Why? It talks about the case where we have reduced sampling rate, but
that's not the case anymore. We *always* update sample_delay_ns now.

> Moreover, please extend it to say that this must be called with
> dbs_data->mutex held (or it looks racy otherwise).

Yeah, that can be done.

--
viresh
--
To unsubscribe from this list: send the line "unsubscribe linux-pm" in
the body of a message to majordomo@vger.kernel.org
More majordomo info at  http://vger.kernel.org/majordomo-info.html
Rafael J. Wysocki Feb. 8, 2016, 1:37 p.m. UTC | #3
On Mon, Feb 8, 2016 at 2:34 PM, Viresh Kumar <viresh.kumar@linaro.org> wrote:
> On 08-02-16, 14:32, Rafael J. Wysocki wrote:
>> > - * If new rate is smaller than the old, simply updating
>> > - * dbs_tuners_int.sampling_rate might not be appropriate.
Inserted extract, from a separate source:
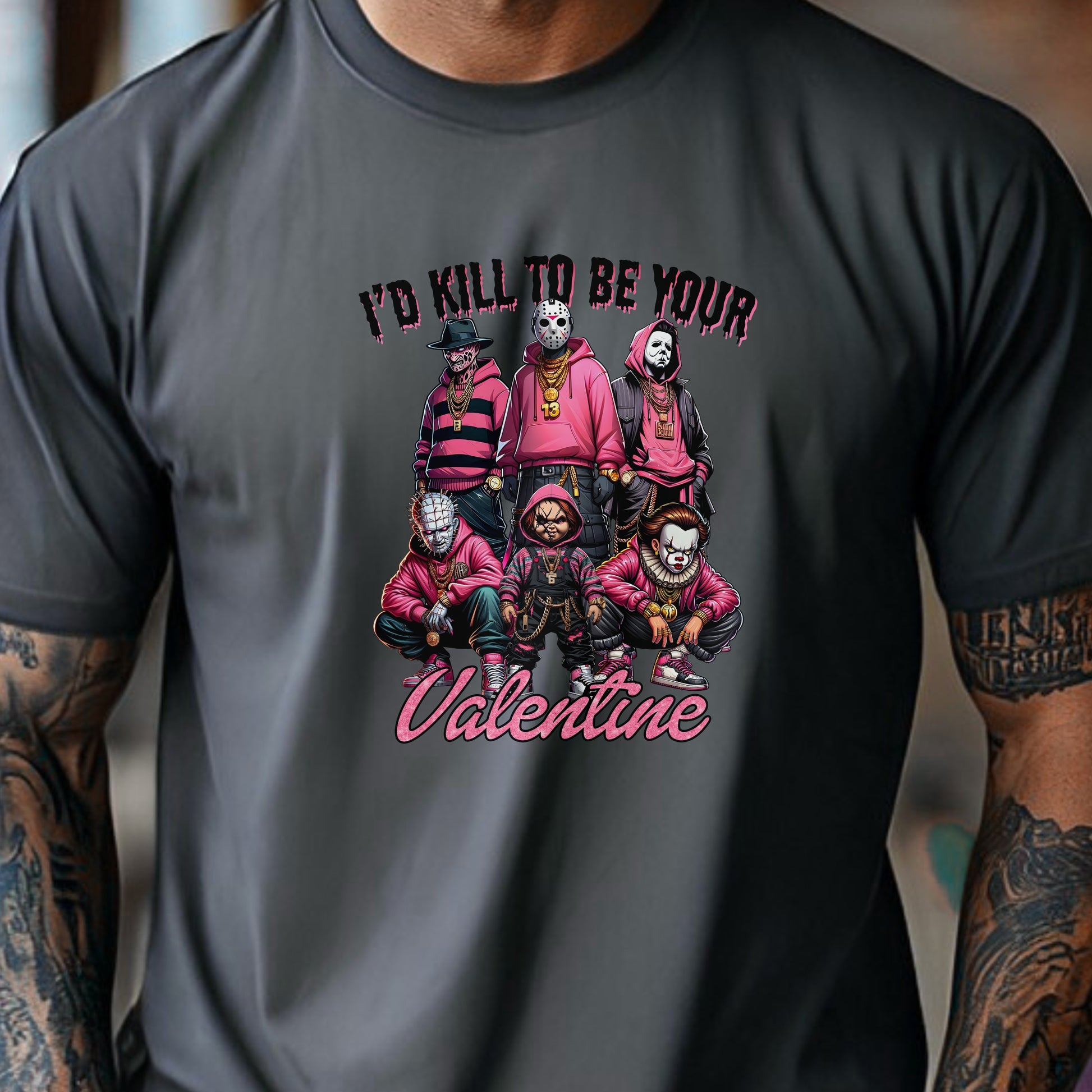 I’d Kill To Be Your Valentine Shirt Hoodie Sweatshirt – Horror Valentine Pink Graphic Tee Funny Dark Love Gift

For example, if the
>> > - * original sampling_rate was 1 second and the requested new sampling rate is 10
>> > - * ms because the user needs immediate reaction from ondemand governor, but not
>> > - * sure if higher frequency will be required or not, then, the governor may
>> > - * change the sampling rate too late; up to 1 second later. Thus, if we are
>> > - * reducing the sampling rate, we need to make the new value effective
>> > - * immediately.
>>
>> The comment still applies.
>
> Why? It talks about the case where we have reduced sampling rate, but
> that's not the case anymore. We *always* update sample_delay_ns now.

But the comment explains *why* we do that, doesn't it?

If it doesn't apply, then why do we need this function at all?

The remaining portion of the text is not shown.